Meno complains that the conversation of Socrates has the effect of a torpedo's shock upon him. When he talks with other persons he has plenty to say about virtue; in the presence of Socrates, his thoughts desert him. Socrates replies that he is only the cause of perplexity in others, because he is himself perplexed. He proposes to continue the enquiry. But how, asks Meno, can he enquire either into what he knows or into what he does not know? This is a sophistical puzzle, which, as Socrates remarks, saves a great deal of trouble to him who accepts it.
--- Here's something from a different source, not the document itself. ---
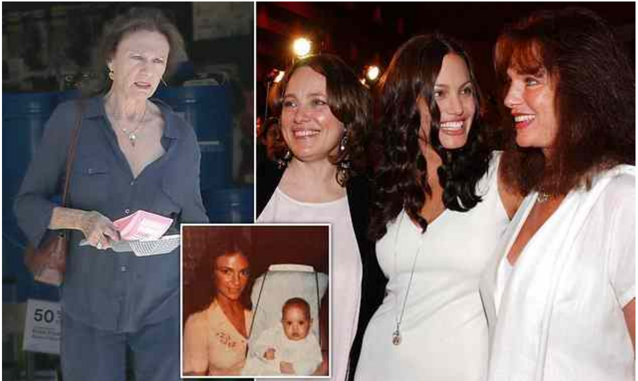
Angelina Jolie's reclusive Hollywood legend godmother breaks cover 49k viewing now

But the puzzle has a real difficulty latent under it, to which Socrates will endeavour to find a reply. The difficulty is the origin of knowledge:--
He has heard from priests and priestesses, and from the poet Pindar, of an immortal soul which is born again and again in successive periods of existence, returning into this world when she has paid the penalty of ancient crime, and, having wandered over all places of the upper and under world, and seen and known all things at one time or other, is by association out of one thing capable of recovering all. For nature is of one kindred; and every soul has a seed or germ which may be developed into all knowledge. The existence of this latent knowledge is further proved by the interrogation of one of Meno's slaves, who, in the skilful hands of Socrates, is made to acknowledge some elementary relations of geometrical figures.